Our next question comes from Jean Salisbury with Bernstein.

Speaker 8

I just wanted to follow up on an earlier question. Your Corpus pipelines, I think, are at full capacity now with no real expansion capacity with DRA. Is that accurate? I know some of the other pipelines have been talking about potential expansions that I didn't actually think were possible, but wanted to see for claims if that was a possibility.

Jeremy Goebel Analyst — Management

This is Jeremy. We don't foresee any expansions of our facilities at this time, the Cat 1 and Cat 2 assets.

Speaker 8

Great. And then I wanted to also ask about your expectations of what duration is expected in recontracting if you were to kind of start blending and extending on your crude pipes in the next year or 2. We've heard from others that E&Ps are kind of really on the market for 3 to 5 years for recontracting as those contracts are coming up, but your high corporate utilization might better position Plains than others. So I wanted to get your thoughts there.

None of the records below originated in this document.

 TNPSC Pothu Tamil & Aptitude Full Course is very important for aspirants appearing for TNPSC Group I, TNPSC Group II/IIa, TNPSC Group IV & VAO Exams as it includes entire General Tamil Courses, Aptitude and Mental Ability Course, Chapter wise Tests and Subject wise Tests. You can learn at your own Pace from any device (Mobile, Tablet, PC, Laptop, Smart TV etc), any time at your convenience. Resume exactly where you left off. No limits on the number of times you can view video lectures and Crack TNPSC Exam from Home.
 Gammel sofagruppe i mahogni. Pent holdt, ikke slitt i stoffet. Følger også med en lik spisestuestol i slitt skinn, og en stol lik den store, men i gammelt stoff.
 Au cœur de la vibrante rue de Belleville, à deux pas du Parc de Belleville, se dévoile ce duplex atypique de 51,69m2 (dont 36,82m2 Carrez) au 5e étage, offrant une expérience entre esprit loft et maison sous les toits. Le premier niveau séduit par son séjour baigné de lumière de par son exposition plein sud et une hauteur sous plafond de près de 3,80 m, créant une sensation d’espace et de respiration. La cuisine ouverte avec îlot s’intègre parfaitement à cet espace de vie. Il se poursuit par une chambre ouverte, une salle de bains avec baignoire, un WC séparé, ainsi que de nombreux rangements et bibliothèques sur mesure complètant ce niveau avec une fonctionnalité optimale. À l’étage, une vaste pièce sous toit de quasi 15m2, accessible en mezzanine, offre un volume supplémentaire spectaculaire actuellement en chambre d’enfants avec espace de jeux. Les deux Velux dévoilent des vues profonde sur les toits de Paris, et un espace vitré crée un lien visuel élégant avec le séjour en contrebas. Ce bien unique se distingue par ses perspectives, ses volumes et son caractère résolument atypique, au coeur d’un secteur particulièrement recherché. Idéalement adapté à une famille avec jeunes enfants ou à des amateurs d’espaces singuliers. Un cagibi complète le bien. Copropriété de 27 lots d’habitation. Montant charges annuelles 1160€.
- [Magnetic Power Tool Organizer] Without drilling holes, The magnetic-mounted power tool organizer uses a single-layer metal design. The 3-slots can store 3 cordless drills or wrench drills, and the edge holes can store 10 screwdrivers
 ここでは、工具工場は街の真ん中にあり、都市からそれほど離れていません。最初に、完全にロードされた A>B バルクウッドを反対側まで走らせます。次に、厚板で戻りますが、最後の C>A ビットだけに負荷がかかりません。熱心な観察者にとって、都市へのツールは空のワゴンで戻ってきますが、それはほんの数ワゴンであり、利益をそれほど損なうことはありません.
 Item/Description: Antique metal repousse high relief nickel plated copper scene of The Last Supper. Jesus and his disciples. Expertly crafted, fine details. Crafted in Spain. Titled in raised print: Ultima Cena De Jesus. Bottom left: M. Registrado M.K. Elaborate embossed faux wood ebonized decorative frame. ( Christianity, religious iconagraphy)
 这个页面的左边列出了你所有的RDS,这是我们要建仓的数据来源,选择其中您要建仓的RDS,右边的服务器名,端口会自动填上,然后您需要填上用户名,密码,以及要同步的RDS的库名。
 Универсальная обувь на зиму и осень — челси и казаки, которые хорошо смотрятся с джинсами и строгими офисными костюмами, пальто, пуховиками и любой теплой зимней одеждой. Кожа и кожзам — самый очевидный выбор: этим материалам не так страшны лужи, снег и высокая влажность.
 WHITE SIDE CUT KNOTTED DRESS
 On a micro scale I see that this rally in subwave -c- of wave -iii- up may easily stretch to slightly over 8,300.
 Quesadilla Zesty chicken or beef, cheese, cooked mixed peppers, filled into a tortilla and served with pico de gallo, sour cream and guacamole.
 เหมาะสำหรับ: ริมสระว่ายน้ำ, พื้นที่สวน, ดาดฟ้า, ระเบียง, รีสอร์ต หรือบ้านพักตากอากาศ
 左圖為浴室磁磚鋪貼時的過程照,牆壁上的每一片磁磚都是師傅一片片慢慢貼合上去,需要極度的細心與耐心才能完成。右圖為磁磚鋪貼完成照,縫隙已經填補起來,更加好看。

Jeremy Goebel Analyst — Management

Jean, we're in the middle of those discussions and have been for a while. And it all depends on rates; at lower rates, we'd rather not have longer duration. We push for longer duration at higher rates. So I think that's something between us and our customers. But what I can tell you is we haven't seen any issues getting 5-year terms on contracts that we like and customers like. So I'd say we push towards the high end of that range.

Wilfred Chiang Chairman

Jean, this is Willie. I want to mention that our assets are part of an integrated base. When Jeremy's team considers recontract extensions, it involves not just the long haul but also the integration of gathering through the intra-basin alongside long haul. We believe this provides a broader opportunity for those looking to transport barrels.

Speaker 8

That's helpful. And if I can sneak in one more really quick one. If that's the case, do you anticipate that the recent Energy Transfer acquisition of Lotus will have any material impact on Plains' businesses?

Wilfred Chiang Chairman

We don't. We've got a great system that you've heard a lot about, and we think it gives us all the flexibility we need.

Operator

Our next question comes from Neel Mitra with Bank of America.

Speaker 9

This is actually Neel Mitra. First, I just wanted to ask regarding the NGL business. I know frac spreads have been really strong for the last kind of 1.5 years, but have you considered moving more to a fixed fee business just to create a little bit more stability longer term?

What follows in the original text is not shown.